··· SOURCE RECORDS ···

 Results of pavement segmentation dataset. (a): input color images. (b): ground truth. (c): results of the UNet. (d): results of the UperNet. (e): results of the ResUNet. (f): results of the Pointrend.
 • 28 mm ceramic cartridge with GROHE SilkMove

···
··· SOURCE RECORDS ···

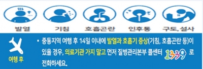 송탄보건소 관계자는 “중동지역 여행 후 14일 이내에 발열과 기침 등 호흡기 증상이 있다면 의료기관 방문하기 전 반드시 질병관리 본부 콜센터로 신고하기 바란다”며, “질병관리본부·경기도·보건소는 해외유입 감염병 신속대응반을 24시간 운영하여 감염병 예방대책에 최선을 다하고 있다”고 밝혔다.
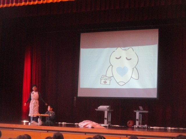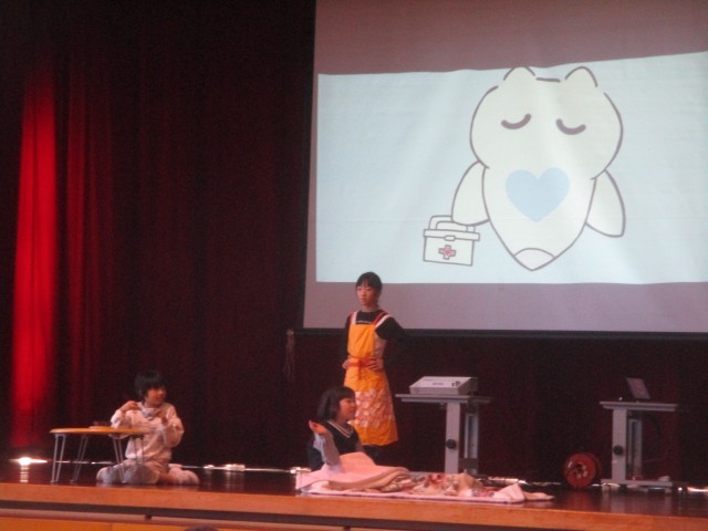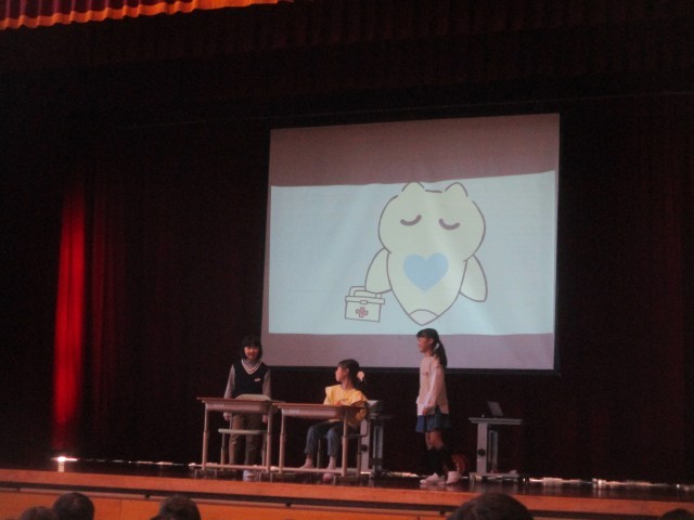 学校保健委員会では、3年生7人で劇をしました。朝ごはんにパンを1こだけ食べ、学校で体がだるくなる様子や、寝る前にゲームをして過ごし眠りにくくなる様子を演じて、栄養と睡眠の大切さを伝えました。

···
··· SOURCE RECORDS ···

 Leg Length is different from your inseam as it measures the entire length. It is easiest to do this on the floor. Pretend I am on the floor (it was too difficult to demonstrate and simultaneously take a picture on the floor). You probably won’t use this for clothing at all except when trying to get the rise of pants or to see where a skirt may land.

···

Above this instruction are the records; retype exactly the lines from the one containing "Results of pavement" up to and including the one containing "with GROHE SilkMove".

 Results of pavement segmentation dataset. (a): input color images. (b): ground truth. (c): results of the UNet. (d): results of the UperNet. (e): results of the ResUNet. (f): results of the Pointrend.
 • 28 mm ceramic cartridge with GROHE SilkMove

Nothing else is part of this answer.